Voltemos, novamente, à "Ópera dos Três Vinténs". Não vale a pena contar a história toda. Descontente com o casamento de sua filha, o rei dos mendigos arma um grande pânico nas ruas de Londres. Banqueiros fogem de seus escritórios. Na confusão, o sindicato dos ladrões toma conta do maior banco de Londres. O filme termina assim, sem moralização possível.
Talvez nos falte um Brecht para contar a história do apoio da Casa Branca aos "gatos gordos" de Wall Street. Um detalhe bastaria para dar o tom de toda a ópera. O secretário do Tesouro americano, Henry Paulson, já convidou alguns especialistas para gerir o fundo bilionário que supostamente haverá de salvar a economia mundial. São antigos colegas seus, recrutados entre ex-funcionários do Goldman Sachs.

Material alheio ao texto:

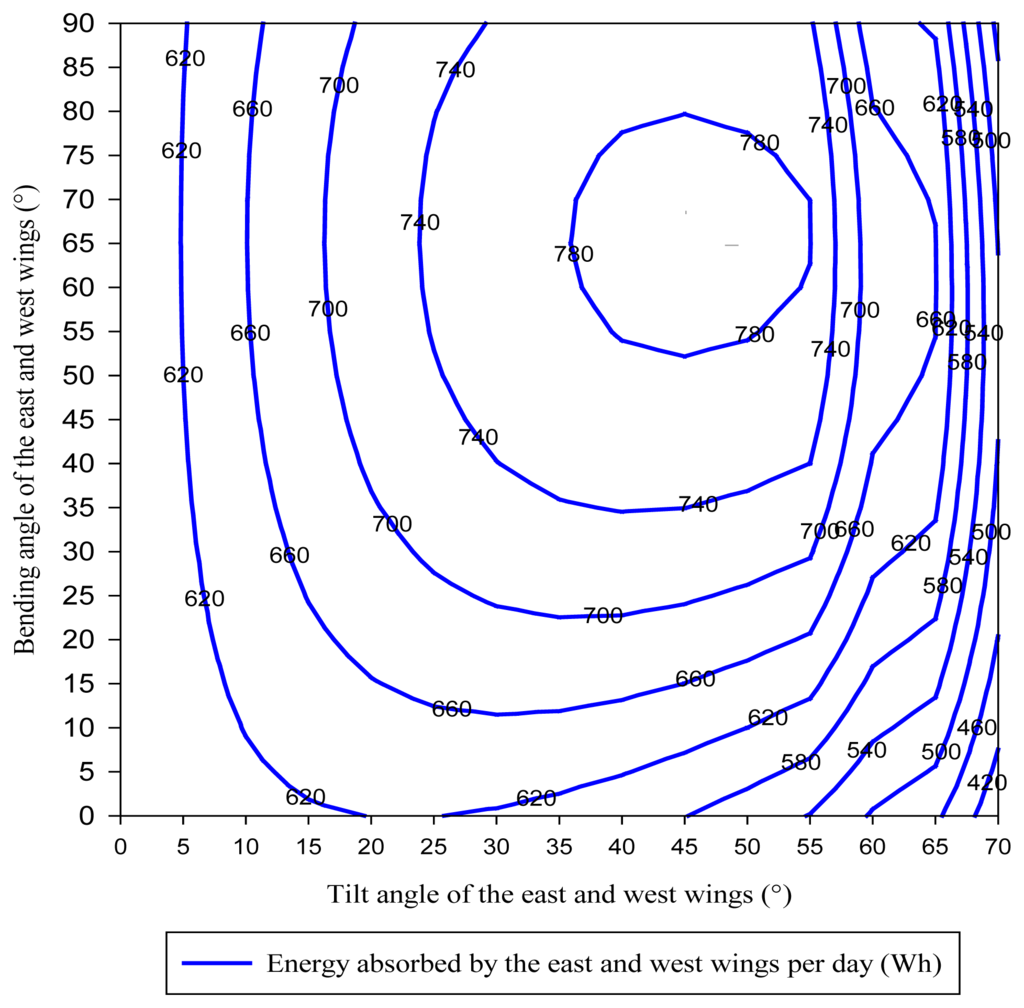 The optimum settings of tilt and bending angles for the wings of the proposed CPC were determined by calculating the sum of the energy absorbed by east wing in the morning until 11:00 and the energy absorbed by the west wing after 13:00, given by: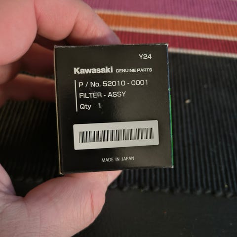 Kawasaki 16097-0008 öljynsuodatin. Alkuperäinen Kawasaki Genuine Parts -varaosa, pakkauksessa merkittynä FILTER-ASSY, P/No. 16097-0008. Sopii Kawasaki-moottoreihin, joissa käytetään tätä varaosanumeroa. Pakkauksessa yksi suodatin.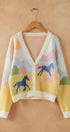 Landscape Horse Jacquard Knit Cardigan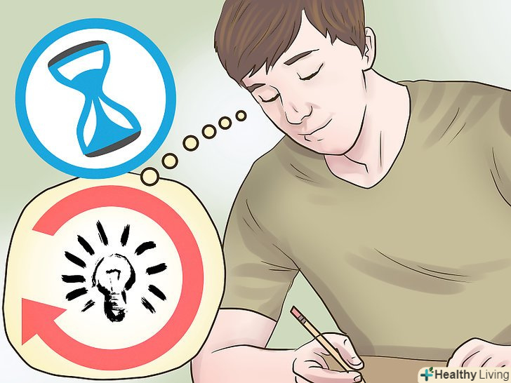 Виділіть час для мозкового штурму.креативність вимагає практики, тому кожен день знаходите час, щоб усамітнитися в спокійному або надихаючому місці і генерувати нові ідеї. Наприклад, відвідайте тихий парк або посидьте в бібліотеці і пустіть думки у вільне плавання. Записуйте всі свої ідеї (неважливо, хороші вони чи погані) в зошит, планшет або на комп'ютер. Не зупиняйтеся, щоб відредагувати або переосмислити їх.[13]- Регулярно знаходите зручний час. Наприклад, якщо ви завжди вільні після обіду, виділіть годину після їжі, позбудьтеся від відволікаючих чинників і присвятіть себе новим ідеям.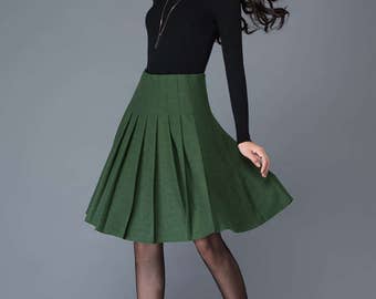 Wool pleated skirt, green skirt, midi skirt, swing skirt, wool skirts, office skirt, winter skirt, womens skirts, flare skirt, C1031.

Afinal, ninguém melhor do que eles para entender de títulos podres, os seus e os alheios. O que você queria? Que chamassem um sindicato de ladrões ou de mendigos? Ou gente mais inocente? Assim são as coisas.
Sarah Palin, que se orgulha do filho alistado na guerra, deve saber o que está fazendo. Barracudas, gatos gordos e tubarões não precisam posar de bonzinhos. Nem disfarçar sua irracionalidade.
PS - Férias. Volto no dia 12 de novembro. Até lá.